- Location: Woods near Peshtigo, Wisconsin, U.S.
- Date: January 5, 2007
- Attack type: Murder by shooting and stabbing
- Weapons: Shotgun Knife
- Motive: Anti-Asian racism
- Charges: Intentional homicide Hiding a corpse Felony possession of a firearm
- Verdict: Guilty
- Convictions: Second-degree intentional homicide Hiding a corpse Felony possession of a firearm

= Murder of Cha Vang =

2007 murder in Wisconsin

On January 5, 2007, 30-year-old Cha Vang was murdered by 28-year-old James Nichols near Peshtigo, Wisconsin, United States. Nichols had shot and stabbed Vang before hiding his body, later admitting to the murder, but insisting the killing was self-defense. Prosecutors believed that Vang's murder had been racially motivated.

In October 2007, Nichols was convicted of second degree intentional homicide and sentenced to 69 years in prison.

== Background ==
Cha Vang was born on 15 June 1976 in Laos, but spent most of his life in a refugee camp in Thailand due to the Laotian Civil War. He immigrated to the U.S. in mid-2004, settling in Green Bay, Wisconsin. He worked at a factory and was the father of five children.
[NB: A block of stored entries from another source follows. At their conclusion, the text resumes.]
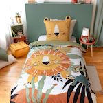 Housse de couette enfant 140x200 + 1 taie Lion avec oreilles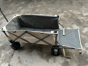 露营车非常棒,舒适方便,简直是户外神器。能装很多东西,轮子宽大,在草地上行走非常方便,拖着重物在草地上走一点也不累。牛津布的设计也非常的结实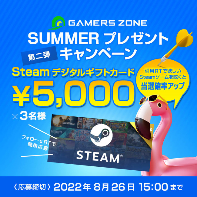 ソルフレア株式会社が運営するゲームメディア「GAMERS ZONE」(ゲーマーズゾーン)にて、PCゲームプラットフォーム「Steam」(スチーム)で使えるデジタルギフト5000円分が3名に当たるTwitterキャンペーン「GAMERS ZONE サマーキャンペーン」を開始します。応募期間は2022年8月19日(金)20:00より8月26日(金)15:00までとなっています。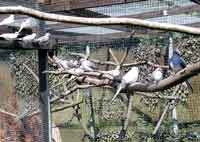 Pfaufasanen, Virginia Baumwachteln, Harlekinwachteln und Kaptauben.

James Allen Nichols was born on May 27, 1978 and worked at a sawmill in Peshtigo. He had previously been convicted of burglary and on parole at the time of the murder. In October 2006, Nichols proclaimed a hatred for Hmong immigrants to his boss. He alleged that a different Hmong hunter had stolen a tree stand and stated that he would have murdered the hunter, had Nichols been in possession of his rifle instead of a bow.

== Murder ==
On January 5, 2007, Cha Vang was with a larger group of squirrel hunters from Green Bay, who went to different parts of the forest on their own. He was eventually spotted by Nichols, who was also in the woods hunting squirrels. Mark Witeck, who performed the autopsy on Cha Vang, testified that Vang was shot from about 50 feet away by a shotgun, and stabbed six times in his face and neck. Vang's body was then hidden under a log.

On January 6, Nichols arrived at a hospital with a gunshot wound to his hand, claiming a stranger had shot at him from a distance with a .22 caliber. When asked why he did not called police, Nichols changed his initial explanation and led emergency services to where he had hidden Vang's remains.

== Investigation ==
Attention to possible racial motives has been brought due to some of Nichols' own statements. Nichols has been quoted on record saying Hmong people are bad, mean and "kill everything and that they go for anything that moves."

Nichols after his arrest

=== Trial ===
On March 19, 2007, Nichols pleaded not guilty to the charges of first degree intentional homicide, felony possession of a weapon, and hiding a corpse. On October 6, 2007, a jury found Nichols guilty of a lesser charge of second degree intentional homicide and sentenced him to 69 years in prison. "The message sent to the Hmong community is that someone can shoot a Hmong hunter and not get the maximum sentence," said Tou Ger Xiong, spokesman for the Coalition for Community Relations in St. Paul, Minnesota.

== Effects of the killing ==
Reports of racial tension in the forests of Wisconsin during hunting seasons had been reported since Chai Soua Vang (no relation), a Hmong hunter, was convicted of killing six white hunters two years before Cha Vang's murder. Besides the immediate effects felt by family and friends at the death of Cha Vang, the killing stressed the already-tense relations between the Hmong community and predominantly white hunters in northern Wisconsin.